Important techniques in Vision for Robotics

Some of the key computer vision skills required for Humanoid Robotic Vision from my point of understanding are:

1.) Hough transforms to detect line/planes/contours etc.

2.) Perspective vision (Especially if we use two cameras for (eye-like) vision, and for depth mapping).

3.) Block matching for correcting the left and right side vision problems.(Jut close one eye and you'll find the image significantly different from when its two eyes, to simulate this kind of correction for a computer is a pretty difficult task and is ongoing current research efforts.)

4.) Calculating odometry information by calculating the kinematic transforms for each step the robot takes. This is necessary for keeping balance without a special sensor for balance.

5.) Calculating the floor planes from the visual information using standard 3-D reconstruction techniques and/or depth maps.

6.) Creating an occupancy grid once we have made the floor plane and clustered it into object blocked clusters and free clusters. 

7.) Making an efficient algorithm to plan paths based on the Occupancy Grid. (Maybe A* or Dijkstra's or something)

Monday, 2 July 2012

No Kinect for External Environments: Why?

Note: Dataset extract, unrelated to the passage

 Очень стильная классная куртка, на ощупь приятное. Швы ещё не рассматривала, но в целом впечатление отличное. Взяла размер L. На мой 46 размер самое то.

Here's why Skeletal Tracking Algorithms used by Kinect does work so well in the external environments:

Kinect sensor isn't suited for outside/external environments. It is based off skeletal tracking. Now here's how skeletal tracking works: 

For the depth image we:
1) Thresholding on the depth image to extract the foreground from the image.
2) Noise is removed using morphological operations of erosion and dilation.
3) Further small blob removal is done to get a clean foregound segmented image.
4) This helps us focus on only the subject in the image and calculate the Extended Distance Transform.

For the RGB image we:
1) Face and upper body detection.
2) Skin Segmentation.
3) Arm Fitting

For the face and upper body detection, we use hear features in the viola-jones face detection algorithm. The hear features used are edge detectors, line features and centre surround features.

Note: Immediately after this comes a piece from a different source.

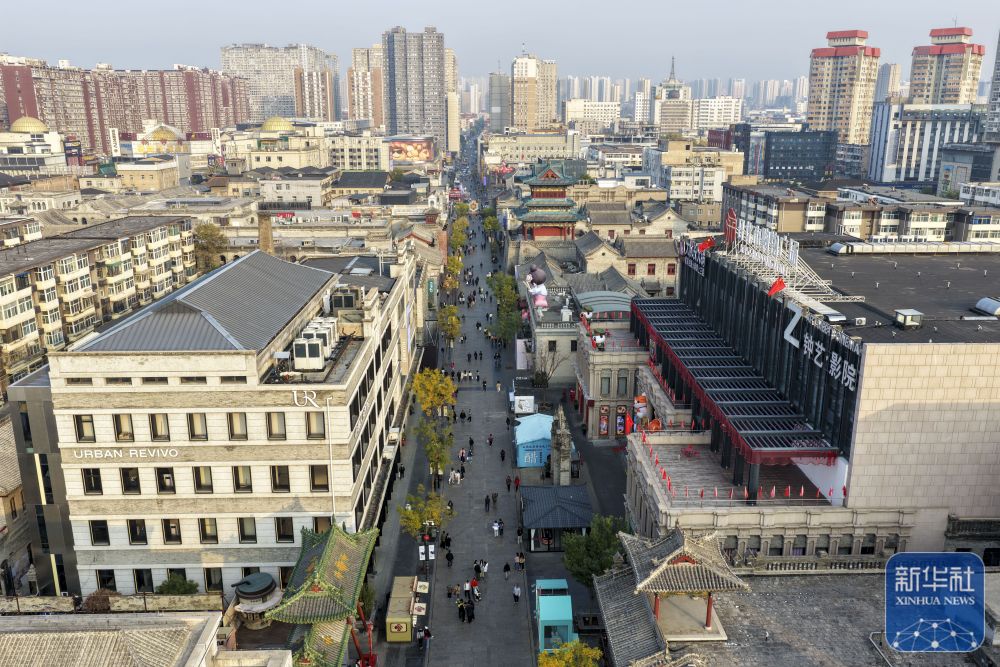 ↑ 钟楼街一景(无人机照片,10月29日摄)。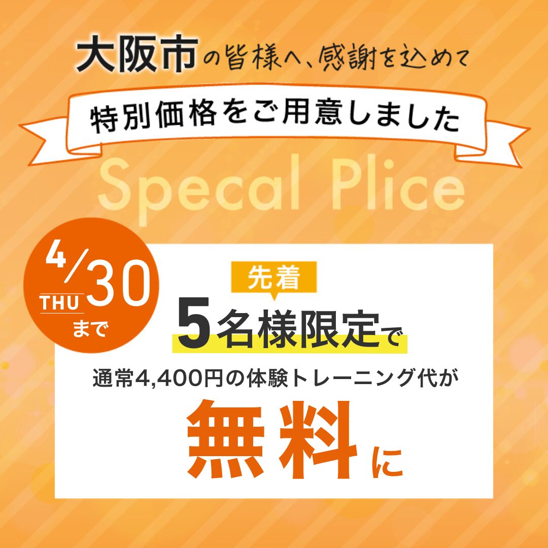 大阪市のお客様に感謝を込めて、4月30日までにお申し込みいただいた先着5名様限定で、整体×体験トレーニングを無料でご提供します!

Problems in the external environment are:
1) Skeletal tracking doesn't work for non-humans.
2) Gestures/Human/environment movements cannot be tracked as easily using skeletal tracking when the perspective view is different or rather say sideways etc. A problem of the extended distance transform used.
3) Its far more difficult to morphologically clean up an image in the wide variety of external environments we can think of.